Some examples of optical glasses with different thermal properties are:

  1. N-BK7HT: High homogeneity version of BK7 with CTE = 7.1 x 10^-6 K^-1^ , Tg = 557 °C and Ts = 719 °C.
  2. N-FK51A: Low dispersion flint glass with CTE = 5.9 x 10^-6 K^-1^ , Tg = 472 °C and Ts = 593 °C.
  3. N-LASF44: A lead lanthanum flint glass with CTE = 10.8 x 10^-6 K^-1^ , Tg = 557 °C and Ts = 732 °C.

Why Is Optical Glass Important?

Optical glass is important because it enables the creation of optical devices and systems that manipulate light. These forms of light manipulation include:

  • Focusing: Optical glass can make lenses that converge or diverge light rays to form images or beams.
  • Reflecting: In this case, special glass mirrors bounce back light rays with the same angle and direction as incident rays.
  • Refracting: Optical glass can be used to make prisms that bend or split light rays. As a result of prism properties, it does so by different angles depending on wavelength or polarization.
  • Filtering: Filters of optical glass transmit or block light rays depending on their wavelength, intensity, or polarization.
  • Amplifying: Lasers make use of optical glass to generate coherent and monochromatic light beams. As a result, these stimulate the emission of photons from the atoms or molecules in the glass.
  • Modulating: Modulators of optical glass alter the amplitude, phase, frequency, or polarization of light beams. They do so by applying electric, magnetic, acoustic, or thermal fields to the glass.
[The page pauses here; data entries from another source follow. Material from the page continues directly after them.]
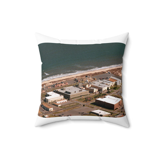 An aerial view of the Naval Surface Warfare Center testing building on the Dam Neck Naval Base. Along the beach are various types of gun mounts with their associated fire control radars atop the test building Decorative Accent Square Pillow
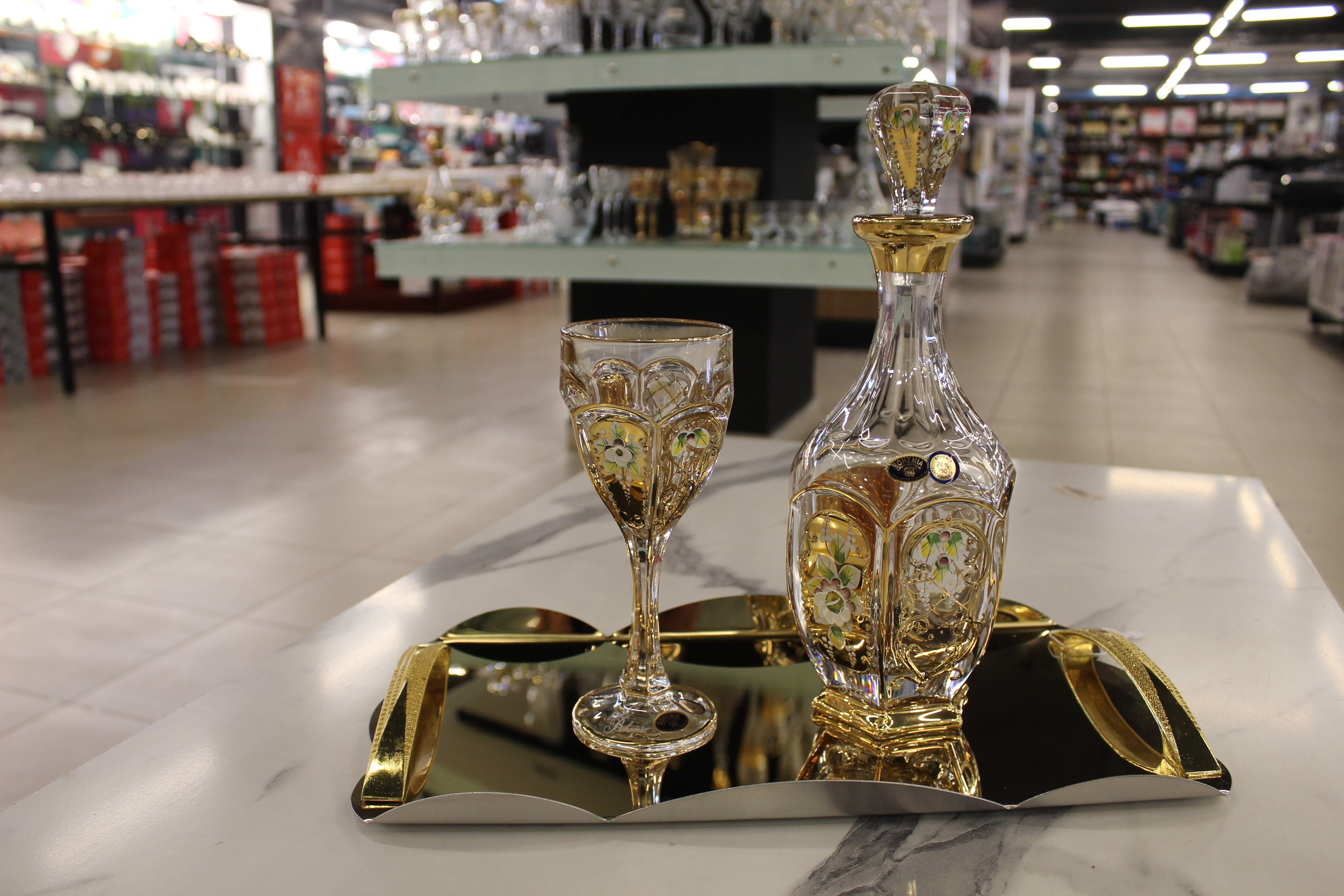 Crystal Sherbet Set Safari Bouquet of Raised Flowers
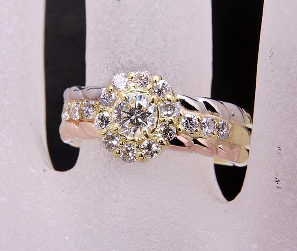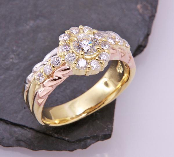 《質屋》K18★3カラーの上品なダイアモンドリング★k-4533
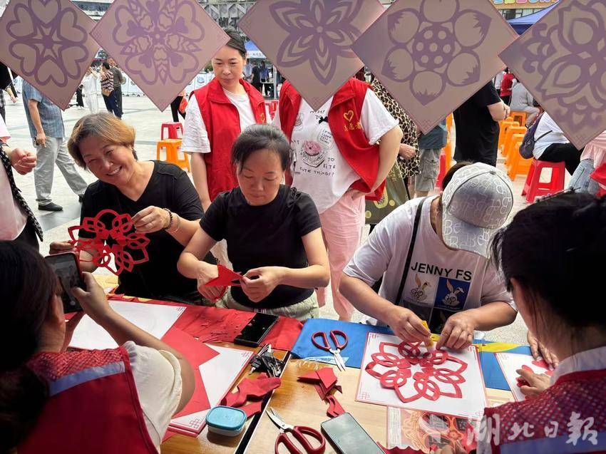 “注意剪刀力度的把握,沿著折疊的線條下刀……”剪紙、皮影體驗(yàn)區(qū),王女士在志愿者指導(dǎo)下,手起刀落,短短幾分鐘,剪出了團(tuán)花樣式?!昂苡腥ぃ吹阶约喊聂兆雍苡谐删透??!被?dòng)體驗(yàn)包粽子攤位上,捋葉、填米、封口、扎捆,清香的粽葉和晶瑩的糯米,通過(guò)一雙雙巧手,變成有棱有角的粽子。
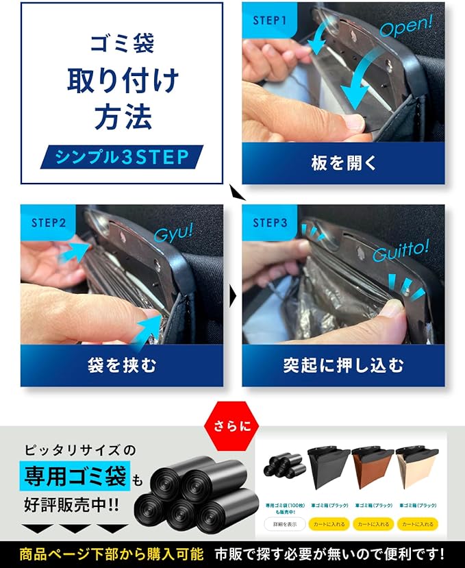 ✅【⭐保証&注意事項⭐】本製品は車のバックポケット専用ゴミ箱です。ポケットの厚みは最大6mm、横幅は19.5cm以内まで対応しております。ご購入前に必ずサイズをご確認ください。サイズ違いや初期不良などいかなる理由であっても、Amazonの定める期間に基づいて返品・返金の対応をいたします。【内容物】車 ゴミ箱 本体( 1)、専用ゴミ袋1ロール( 1)計2コ、取扱説明書1枚
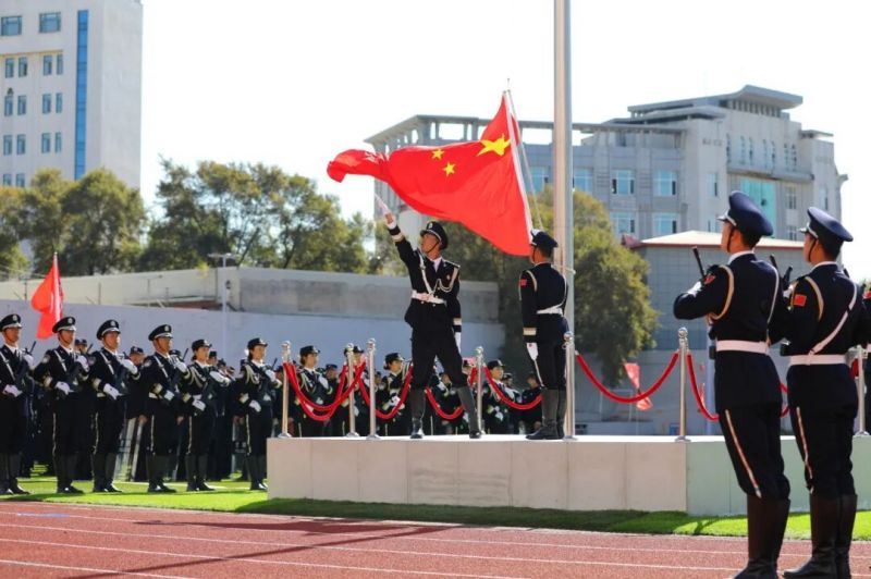 在44名新警组成的国旗护卫队护送下,五星红旗冉冉升起,警旗迎风招展,全场肃立高唱国歌,庄严氛围浸润整个赛场。
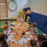 A beszélgetés után egy mesét mondtam a gyerekeknek, címe: A bátor nyuszi. Ezután kézműveskedtünk, nyuszit készítettünk vágással, ragasztással. Az elkészült nyuszikat egy közös képre ragasztották fel. Amíg dolgoztak, kérdeztem tőlük, hogy mivel bátorítanák a nyuszit, hogy ne féljen? Aranyos válaszok születtek: ” Ne félj a hangoktól, szellemektől nem bántanak!” ” Ne félj, légy bátor!” „Ne félj, te egy hős vagy!” ” Nem vagy egyedül, ott leszek mindig melletted!” „Szedd össze a bátorságodat!” „Mindig legyél bátor a többi nyuszi mellett!” „Ne félj!”

Advantages Over Other Materials

Optical glass is also important because it has many advantages over other materials, such as:

  • Versatility: Optical glass can be shaped into various forms and sizes by different methods. For example, these include melting, blowing, molding, drawing, grinding, polishing, coating, etching, or doping.
  • Purity: Optical glass has extremely high material purity and low amounts of bubbles and inclusions. This improves its optical quality and performance.
  • Homogeneity: Annealing achieves a precisely defined and uniform refractive index throughout the glass. This reduces optical aberrations and distortions.
  • Transparency: Optical glass can have high light transmission over a wide range of wavelengths, from ultraviolet to infrared. Of course, this depends on its composition and coating.
  • Durability: Optical glass can have high mechanical strength and resistance to thermal shock, chemical corrosion, and radiation damage. The amount depends on its additives and treatment.
The stock market relies on atomic clocks and optical glass for accuracy.
Even the stock market relies on the accuracy of atomic clocks, thanks to optical glass.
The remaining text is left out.